Why is an amplifier's first watt so important? Watts are cheap. Don't wurry, be 'appy. In a very fundamental way, the answer to this innocuous question determines the sound of your speaker. Be that an 87dB or 101dB design, all you're getting past the first watt is a logarithmically smaller and smaller contribution. Nothing past the first amplifier watt will ever remotely approach its initial and whopping output contribution. In fact, the inverse is true. More and more power achieves less and less. A jump from 100 watts to 200 watts accomplishes no more than proceeding from the first to the second watt: a 3dB increase in gain. It's the first watt that gives you the mondo turbo-charged power boost of anywhere between 80 to 110dB depending on your speaker sensitivity. Beyond that, advances are slow, costly and inefficient. This incontrovertible fact is cleverly exploited by high-efficiency loudspeakers. They achieve all of their playback levels from that first watt (or even a fraction thereof as in my case).
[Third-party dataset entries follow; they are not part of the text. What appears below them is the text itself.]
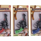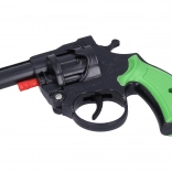 Revolver à capsules pour enfants avec la possibilité d'effectuer jusqu'à 8 tirs, idéal pour les petits cowboys. Disponible en trois couleurs selon les préférences.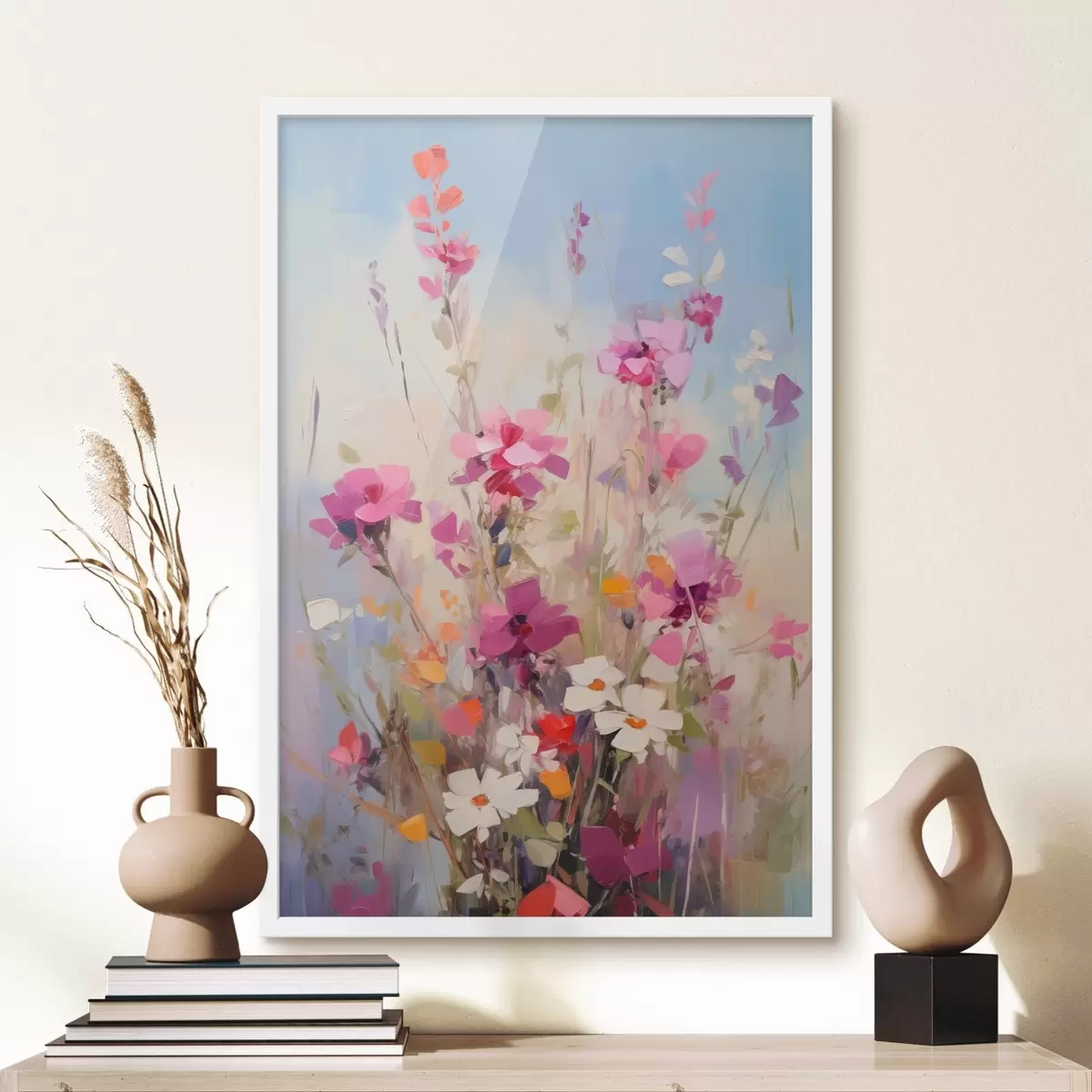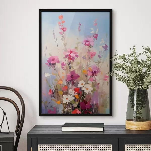 Plakatas Ryškiai rožinės, baltos ir žalios gėlės ant švelnaus, pastelinės spalvos fono f46278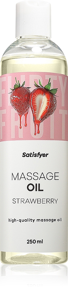 Satisfyer Massage Oil 250 ml (Strawberry) svádí šťavnatou vůní čerstvých jahod a promění každou masáž v hravou, vzrušující a něžně provokativní hru. Satisfyer Massage Oil 250 ml (Strawberry) se rozprostírá jako jemný závoj, klouže po kůži s neuvěřitelnou lehkostí a zanechává ji hladkou, hebkou a toužící po dalších dotecích. Jeho hedvábná textura se vstřebává bez nepříjemné mastnoty, takže se můžete oddávat nekonečnému mazlení bez kompromisů. Fruity aroma jahody povzbudí, naladí a dodá vašim rituálům nádech sladkého pokušení. Vyživující směs rostlinných olejů (slunečnicový, sójový a jojobový) hýčká pokožku intenzivní péčí a hydratací. Neutrální, jemné složení rozvazuje fantazii – hodí se pro něžné pohlazení i hravou předehru. Jednoduchá aplikace umožní nanést malé množství a plynule přidávat kdykoli budete chtít prohloubit slast. Bez lepivosti a s dokonalou kluzností pro dlouhé masáže plné napětí a uvolnění. Objem 250 ml zajistí spoustu společných chvil a připravenost pro každý spontánní dotek.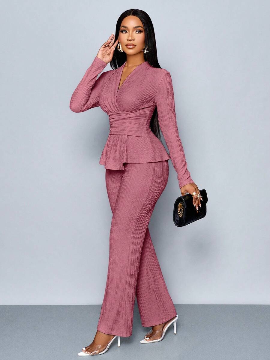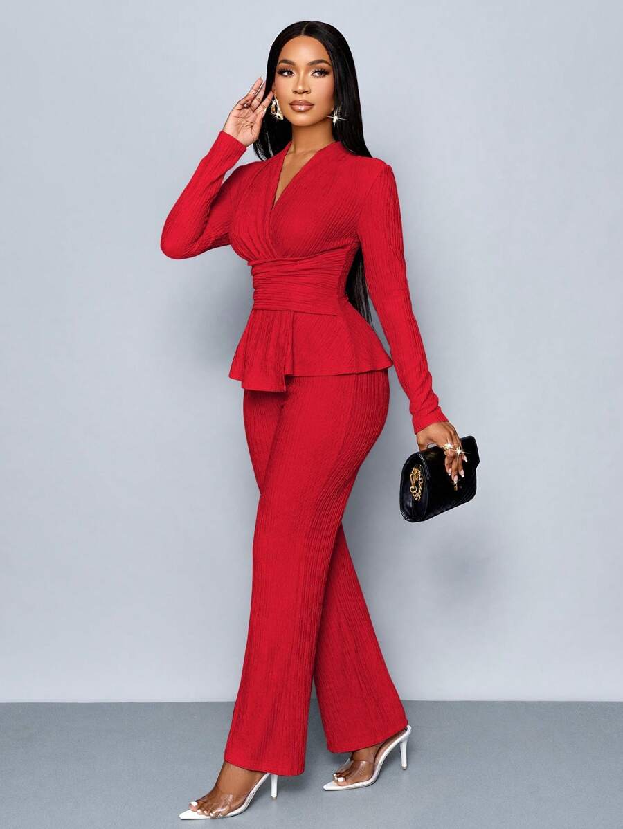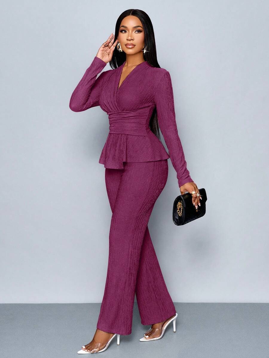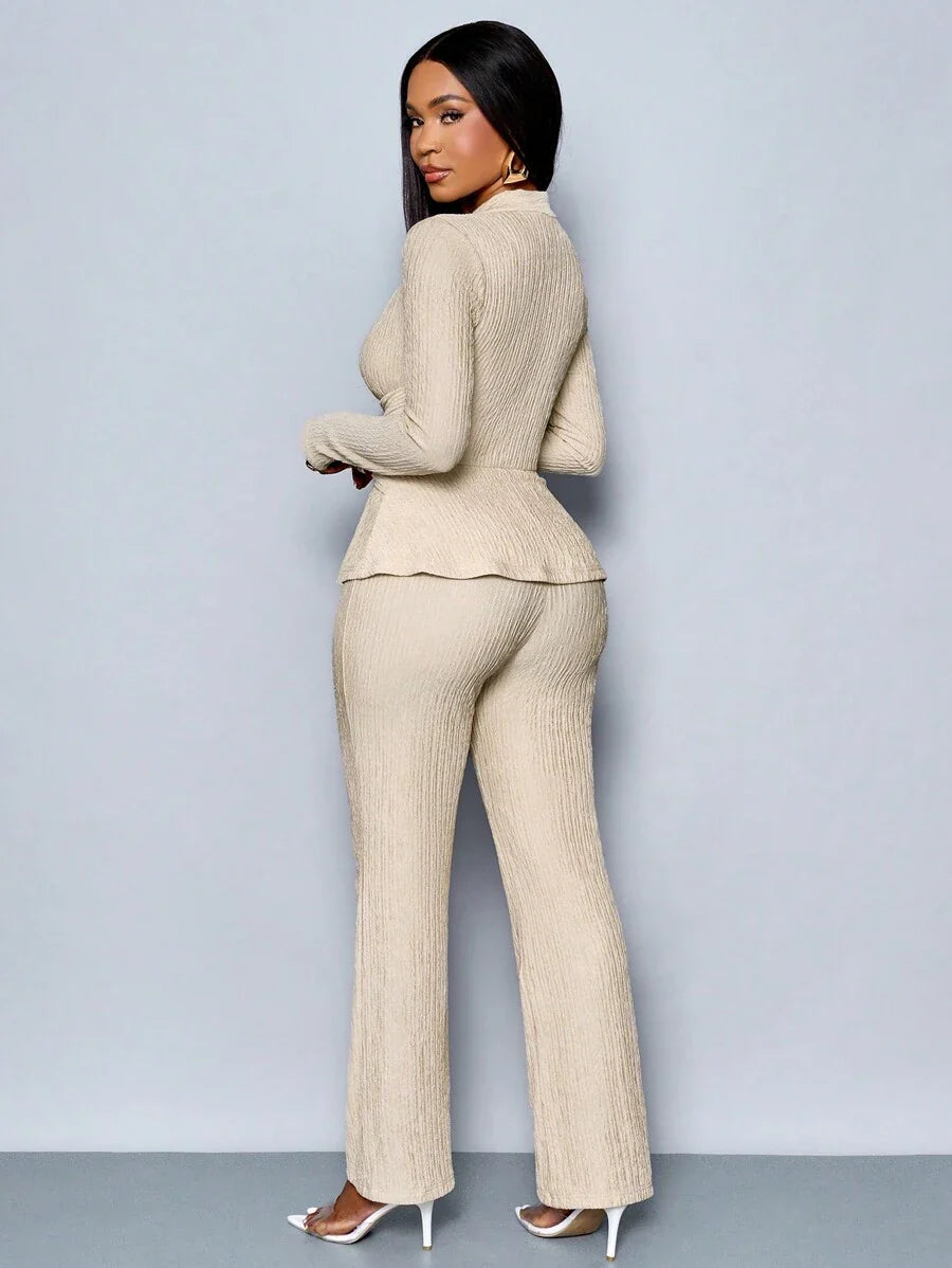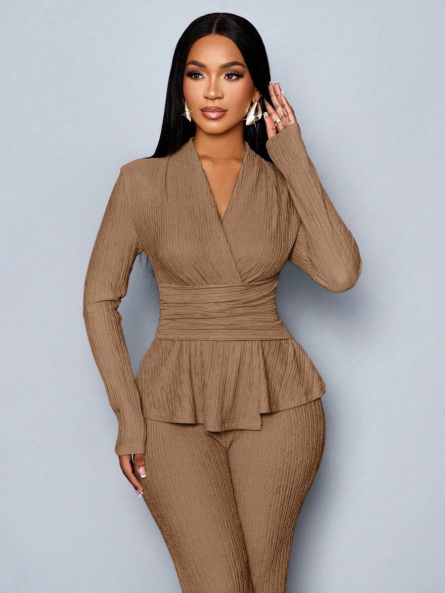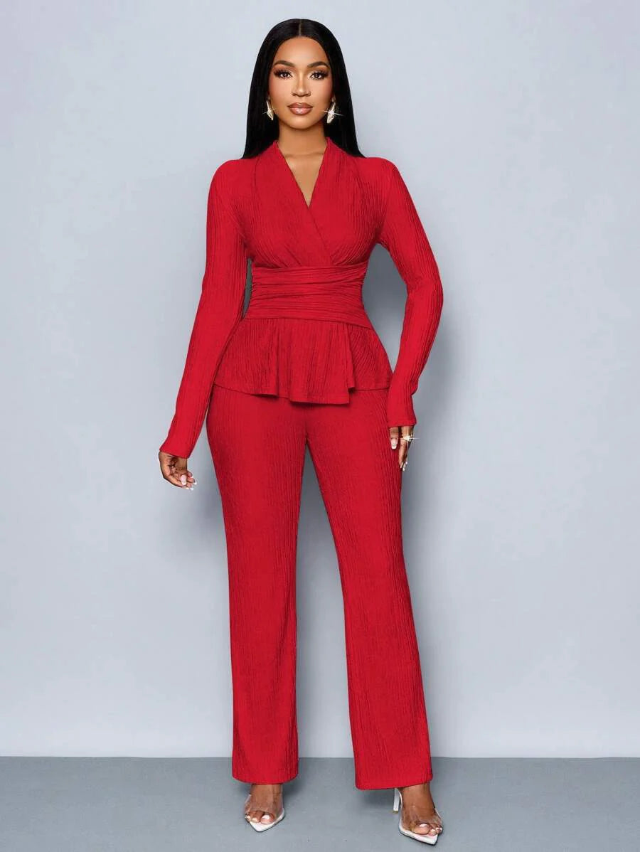 Completo da donna composto da maglietta a maniche lunghe con scollo a V e pantaloni a zampa d'elefante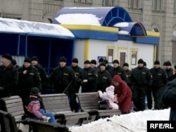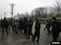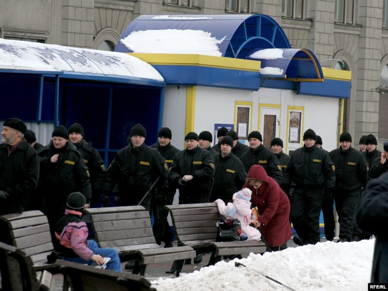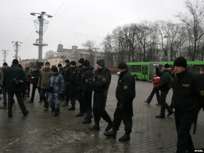 11:40 Кастрычніцкую плошчу патрулююць міліцыянты. Плошча пакуль пустая, на ёй стаіць вада -- там залівалі каток, але тэмпэратура цяпер плюсавая. На плошчы Свабоды стаіць дзясятак міліцэйскіх аўтобусаў.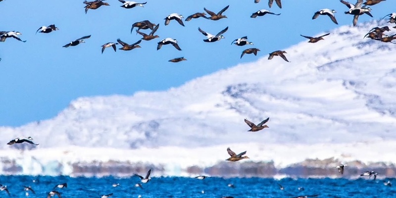 We are hunting both Eider Ducks in the West Coast of Greenland, Nuuk , Sisimiut and Kangerlussuaq with main focus on the Nuuk area. During the main hunting period from January to April we counted many thousands of Eider Ducks in these areas. The groups of birds varied from 50 to 100 birds in one flock and some of the bigger flocks where from 500 to 1.000 birds in one flock. There are also Mallards and Long-Tailed Ducks in Greenland, but we don't often hunt them as the population is vulnerable. The hunting season for these species ends at the end of February, so if you want to hunt them, you'll need to come in February.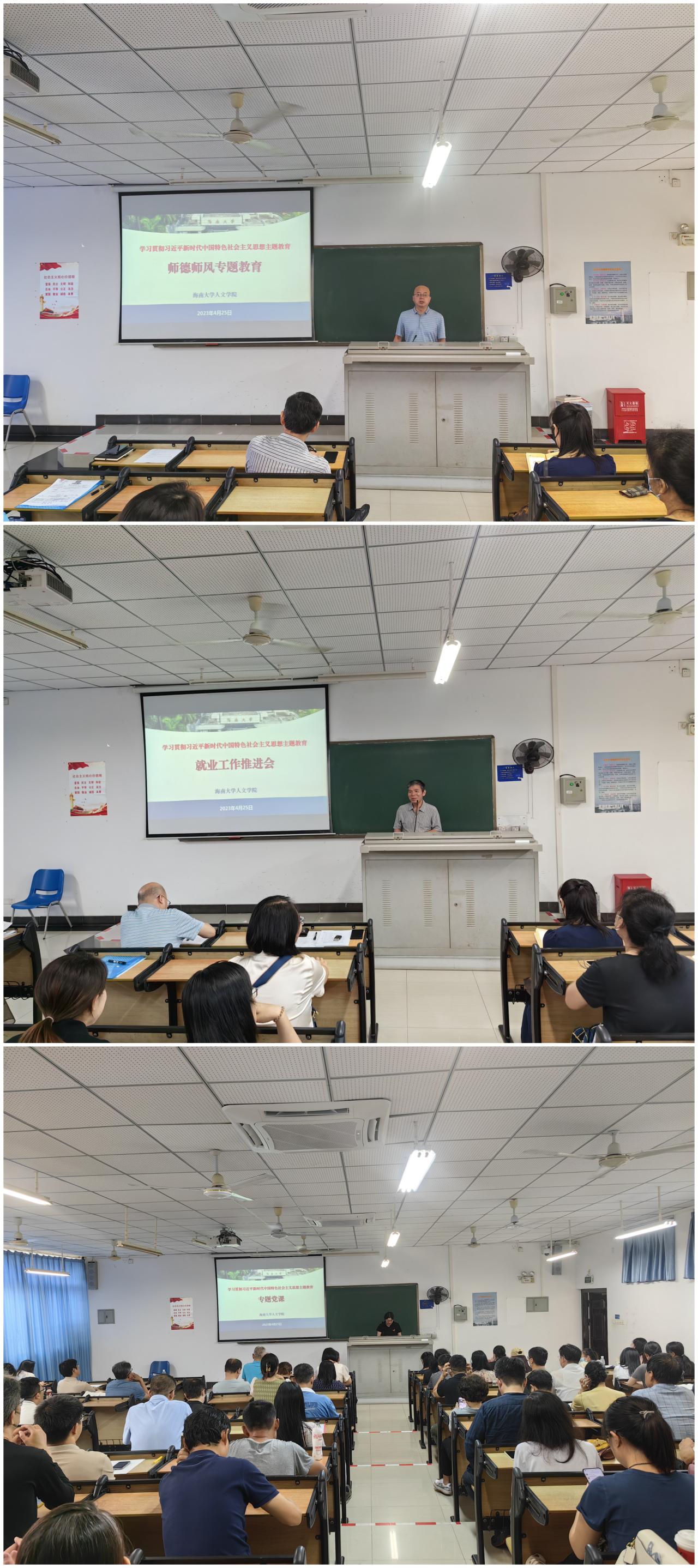 在5教202教室召开师德师风专题教育暨培训会,党员院领导分别讲授专题党课。学院领导班子成员、党委委员、全体党员和教职工参加。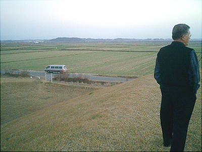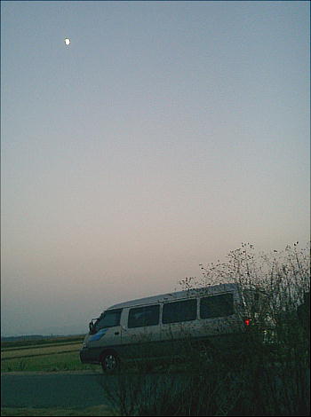 夕暮れの古墳から見た月。ここから2時間あまり掛けて木浦へ向かう。

Consequently, the dynamic range and sonic flavor -- of how an amp will interact with your speakers (any speakers) -- are all encoded in that puny first-born (but disproportionally powerful) watt. Better make this number-one watt CEO of your company then. Let him personally run all things. That's precisely the credo of Nelson Pass'  FirstWatt outfit. It's a spin-off from his main company Pass Labs, which caters to the less efficient speakers that predominate today's market. Built in limited editions of 100 units, FirstWatt amplifiers instead focus on micro power specs and the speakers served by them.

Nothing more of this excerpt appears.